> [WORK REQUEST]
Reproduce exactly the opening lines of the listing, stopping after the line that contains "面对蛋白突变,AMDiff适" and including it.
——————
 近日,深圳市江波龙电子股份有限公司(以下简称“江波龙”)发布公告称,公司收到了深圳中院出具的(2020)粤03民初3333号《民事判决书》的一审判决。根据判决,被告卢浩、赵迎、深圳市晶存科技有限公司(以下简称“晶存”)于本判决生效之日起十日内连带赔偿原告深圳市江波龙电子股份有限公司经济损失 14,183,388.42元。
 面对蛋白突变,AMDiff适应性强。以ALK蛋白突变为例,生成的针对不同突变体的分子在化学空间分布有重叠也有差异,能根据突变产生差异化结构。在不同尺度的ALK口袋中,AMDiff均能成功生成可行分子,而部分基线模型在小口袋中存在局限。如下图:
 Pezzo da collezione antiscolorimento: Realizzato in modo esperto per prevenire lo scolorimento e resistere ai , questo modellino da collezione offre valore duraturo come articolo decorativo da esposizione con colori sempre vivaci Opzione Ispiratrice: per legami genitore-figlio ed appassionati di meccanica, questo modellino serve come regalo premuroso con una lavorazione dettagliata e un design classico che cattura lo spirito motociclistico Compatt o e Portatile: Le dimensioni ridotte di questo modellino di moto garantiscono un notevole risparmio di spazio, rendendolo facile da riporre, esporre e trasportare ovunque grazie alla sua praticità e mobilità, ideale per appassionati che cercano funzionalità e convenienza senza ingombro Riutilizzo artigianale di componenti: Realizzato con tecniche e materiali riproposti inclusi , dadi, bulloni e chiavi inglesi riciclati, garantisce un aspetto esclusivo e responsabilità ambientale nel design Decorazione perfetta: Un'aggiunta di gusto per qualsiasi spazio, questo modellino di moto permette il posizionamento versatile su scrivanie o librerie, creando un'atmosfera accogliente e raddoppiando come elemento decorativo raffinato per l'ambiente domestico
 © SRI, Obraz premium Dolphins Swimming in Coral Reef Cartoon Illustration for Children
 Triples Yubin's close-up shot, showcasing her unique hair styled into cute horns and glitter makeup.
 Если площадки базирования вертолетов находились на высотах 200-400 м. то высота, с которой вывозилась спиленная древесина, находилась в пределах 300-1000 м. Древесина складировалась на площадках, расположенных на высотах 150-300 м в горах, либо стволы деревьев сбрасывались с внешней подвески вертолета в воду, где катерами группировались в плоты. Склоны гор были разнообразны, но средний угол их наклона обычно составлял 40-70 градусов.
——————
> [RESPONSE TO THE TASK]
 近日,深圳市江波龙电子股份有限公司(以下简称“江波龙”)发布公告称,公司收到了深圳中院出具的(2020)粤03民初3333号《民事判决书》的一审判决。根据判决,被告卢浩、赵迎、深圳市晶存科技有限公司(以下简称“晶存”)于本判决生效之日起十日内连带赔偿原告深圳市江波龙电子股份有限公司经济损失 14,183,388.42元。
 面对蛋白突变,AMDiff适应性强。以ALK蛋白突变为例,生成的针对不同突变体的分子在化学空间分布有重叠也有差异,能根据突变产生差异化结构。在不同尺度的ALK口袋中,AMDiff均能成功生成可行分子,而部分基线模型在小口袋中存在局限。如下图:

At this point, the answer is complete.